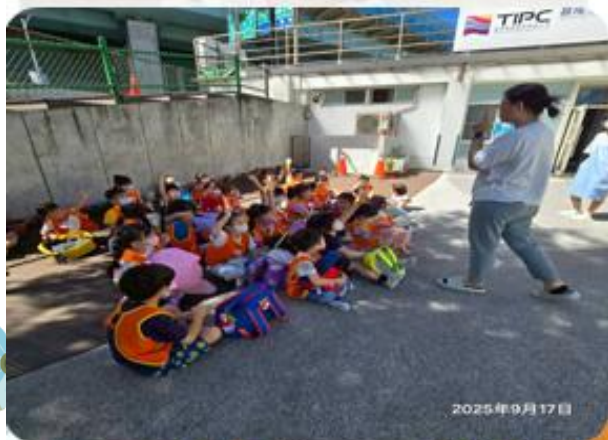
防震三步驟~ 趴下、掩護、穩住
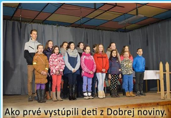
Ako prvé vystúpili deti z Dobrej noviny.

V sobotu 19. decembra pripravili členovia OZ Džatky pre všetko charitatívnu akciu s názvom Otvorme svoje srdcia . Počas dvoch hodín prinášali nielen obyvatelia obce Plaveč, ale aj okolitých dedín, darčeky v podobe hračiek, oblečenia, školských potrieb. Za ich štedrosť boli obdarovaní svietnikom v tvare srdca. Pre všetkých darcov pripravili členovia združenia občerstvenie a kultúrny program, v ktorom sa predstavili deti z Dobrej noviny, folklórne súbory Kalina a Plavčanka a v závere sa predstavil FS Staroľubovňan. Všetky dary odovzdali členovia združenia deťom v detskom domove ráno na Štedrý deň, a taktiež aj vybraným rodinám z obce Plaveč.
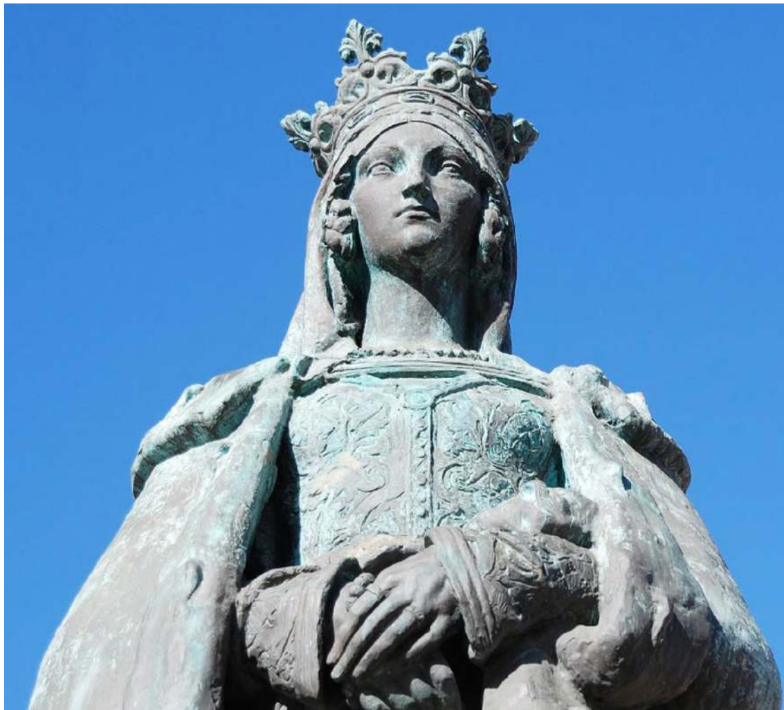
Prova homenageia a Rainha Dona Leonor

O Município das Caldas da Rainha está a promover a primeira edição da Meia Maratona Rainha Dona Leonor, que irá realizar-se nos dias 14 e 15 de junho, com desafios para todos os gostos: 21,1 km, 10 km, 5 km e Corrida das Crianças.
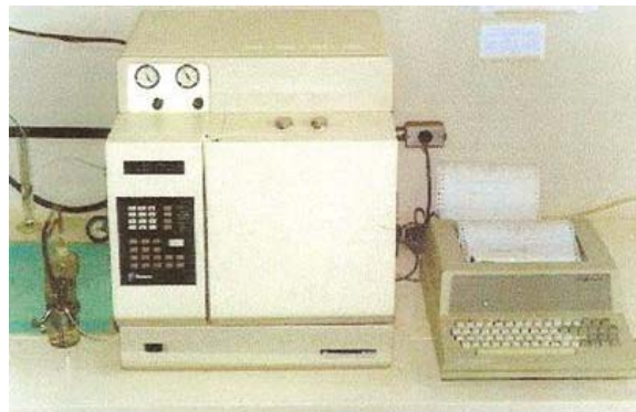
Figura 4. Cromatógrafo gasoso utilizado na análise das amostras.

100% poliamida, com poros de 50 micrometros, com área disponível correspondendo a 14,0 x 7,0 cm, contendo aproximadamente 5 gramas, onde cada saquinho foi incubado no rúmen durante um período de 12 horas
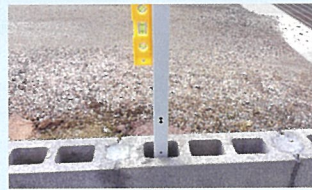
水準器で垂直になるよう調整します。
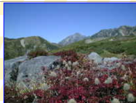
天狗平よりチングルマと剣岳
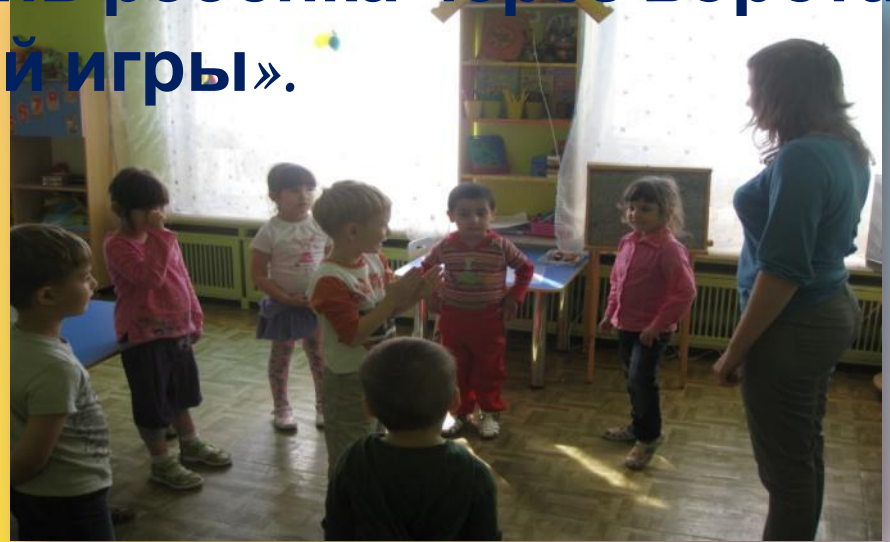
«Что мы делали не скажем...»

...

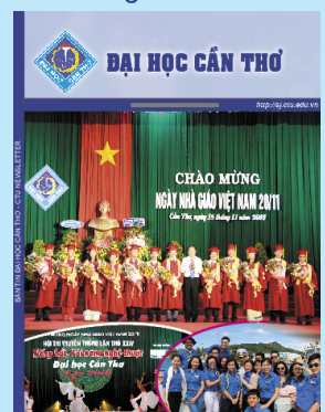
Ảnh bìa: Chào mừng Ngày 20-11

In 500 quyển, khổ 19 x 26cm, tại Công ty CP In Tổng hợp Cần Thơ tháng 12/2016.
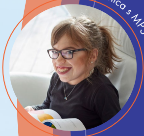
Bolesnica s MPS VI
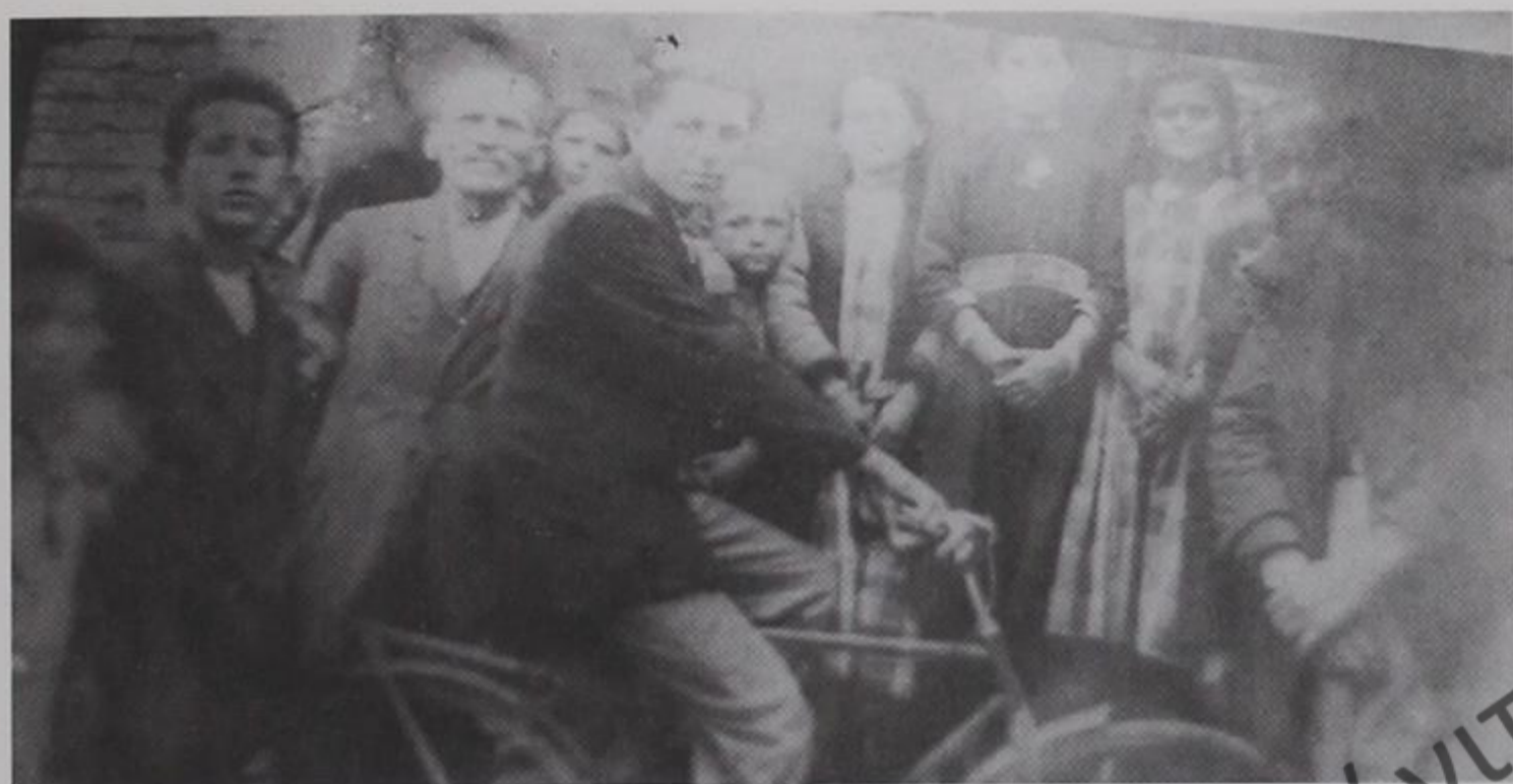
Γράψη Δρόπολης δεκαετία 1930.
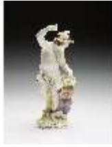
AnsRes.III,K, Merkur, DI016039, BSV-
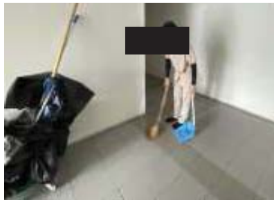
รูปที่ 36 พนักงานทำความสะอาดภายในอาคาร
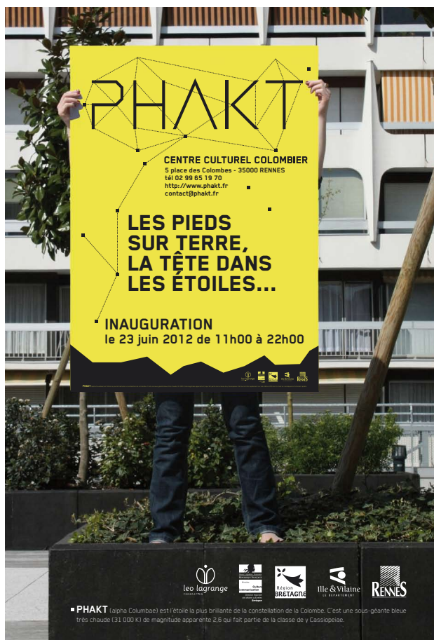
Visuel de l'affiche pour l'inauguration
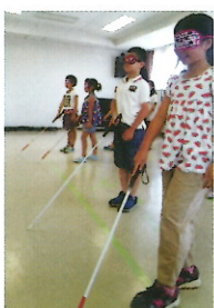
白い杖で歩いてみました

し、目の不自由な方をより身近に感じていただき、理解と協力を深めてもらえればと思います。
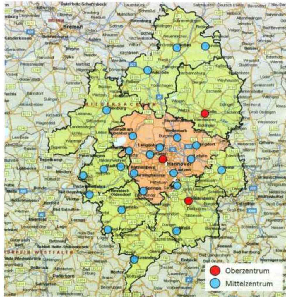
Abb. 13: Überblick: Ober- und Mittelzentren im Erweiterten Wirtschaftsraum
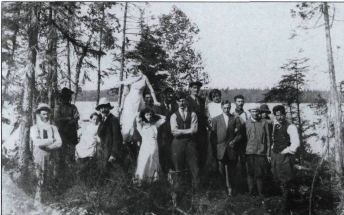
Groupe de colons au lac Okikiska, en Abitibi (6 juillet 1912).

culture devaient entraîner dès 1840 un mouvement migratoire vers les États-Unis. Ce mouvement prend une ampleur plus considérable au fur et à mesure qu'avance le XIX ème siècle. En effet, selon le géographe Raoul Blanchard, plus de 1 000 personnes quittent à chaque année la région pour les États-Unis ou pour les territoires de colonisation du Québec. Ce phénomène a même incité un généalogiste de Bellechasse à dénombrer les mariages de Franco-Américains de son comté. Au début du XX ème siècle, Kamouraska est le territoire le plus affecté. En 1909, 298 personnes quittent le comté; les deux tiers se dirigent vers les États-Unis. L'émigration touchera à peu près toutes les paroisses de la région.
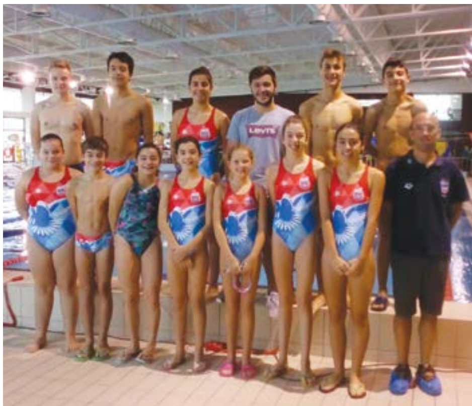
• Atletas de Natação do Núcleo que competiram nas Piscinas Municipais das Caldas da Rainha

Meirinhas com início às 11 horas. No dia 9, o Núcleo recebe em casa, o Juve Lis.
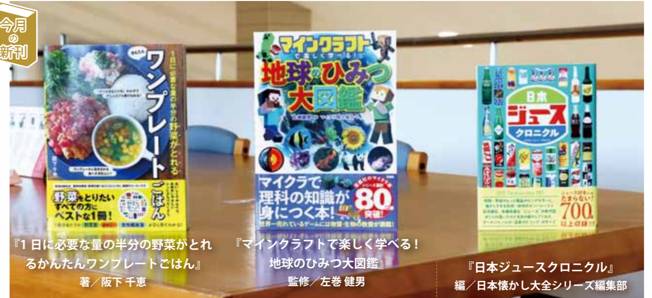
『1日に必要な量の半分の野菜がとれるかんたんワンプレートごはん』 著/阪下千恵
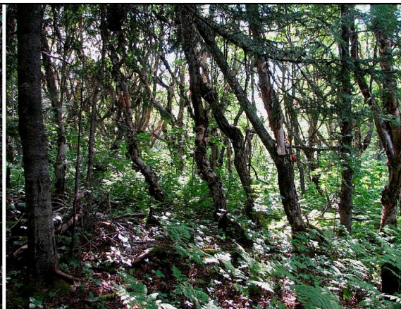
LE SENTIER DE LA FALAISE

Task statement:
Word for word, restate the lines above from the one with "V sobotu 19." through the one with "Figura 4. Cromatógrafo", keeping both ends and dropping the pictures.

Response below:
V sobotu 19. decembra pripravili členovia OZ Džatky pre všetko charitatívnu akciu s názvom Otvorme svoje srdcia . Počas dvoch hodín prinášali nielen obyvatelia obce Plaveč, ale aj okolitých dedín, darčeky v podobe hračiek, oblečenia, školských potrieb. Za ich štedrosť boli obdarovaní svietnikom v tvare srdca. Pre všetkých darcov pripravili členovia združenia občerstvenie a kultúrny program, v ktorom sa predstavili deti z Dobrej noviny, folklórne súbory Kalina a Plavčanka a v závere sa predstavil FS Staroľubovňan. Všetky dary odovzdali členovia združenia deťom v detskom domove ráno na Štedrý deň, a taktiež aj vybraným rodinám z obce Plaveč.
Prova homenageia a Rainha Dona Leonor

O Município das Caldas da Rainha está a promover a primeira edição da Meia Maratona Rainha Dona Leonor, que irá realizar-se nos dias 14 e 15 de junho, com desafios para todos os gostos: 21,1 km, 10 km, 5 km e Corrida das Crianças.
Figura 4. Cromatógrafo gasoso utilizado na análise das amostras.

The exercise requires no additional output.